OK...I've intentionally made it sound rediculous, but frankly, you've been set up to fail - probably even with good intentions. There is a lot of good advice above - follow it! Get some good quotes from reputable consulting or project managment firms, or at the very least INSIST on a good chunk of time to gather requirements and put some definition around this thing. Only then can you get somewhere in the ballpark - THEN use good estimating techniques and definitely include contingencies.

Good luck!!

  • It is frightening how similar this is to a Dilbert comic O_o
    – maple_shaft
    Jun 9, 2011 at 13:27
  • Haha! +1 for the laugh. -1 to me for not being clear enough. I have much more information about this project than I have provided here, but that is because I am not asking for your estimate on my project. I'd like some subjective sharing of experiences, if that is possible. :) Jun 10, 2011 at 9:03

I'm going to go as far as saying that it would be unethical for you to give any kind of estimate in this situation.

A number of factors play a role in the estimate: the process used, the tools and technologies used, the development team, the scope and requirements of the project...the list goes on. Because you aren't leading (or even on) the team developing this software, you have no knowledge of any of these factors, aside from perhaps the initial requirements. Unless you have all of the facts, you'll just be pulling numbers out of thin air.

Another thing to remember is the Cone of Uncertainty. Not having all the information is bad enough, but even with the initial information, an initial estimate will be between 25% and 400% of the actual cost. Anything that any estimator says so early in the project will have huge variances that can only be refined as the project goes on, requirements become more concrete, and decisions are made.

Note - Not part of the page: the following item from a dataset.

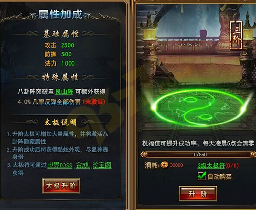 太包罗了世物万象,而特玩网游天书世界游戏里太系统则是角色强大的实力来源,除了攻击防御这些基础属性加成外,还有整个天书里角色在PK中出其不意的反杀技--反伤属性,你可以想像在被逼入绝境时力挽狂澜,反弹全部伤害是何其强大的技能。想必大家已经很想知道天书怎么快速提升太极,下面这就来与大家分享。

Depending on the project, the Project Management Triangle also plays a role. The three constraints on a project are cost, scope, and schedule. A client can, at most, control two of them. It's not possible to set all three - choose the two that are most important and control them.

The correct course of action in this instance is for the organization that wants the software to begin working on their requirements to present to the organizations that will be constructing the software. The organizations can assess these requirements, ask questions and get more details, and use their internal tools, techniques, and processes to build an estimate of cost and schedule of building this system. It becomes a back-and-forth on the Project Management Triangle to get the software that is needed at an appropriate cost within the best timeframe.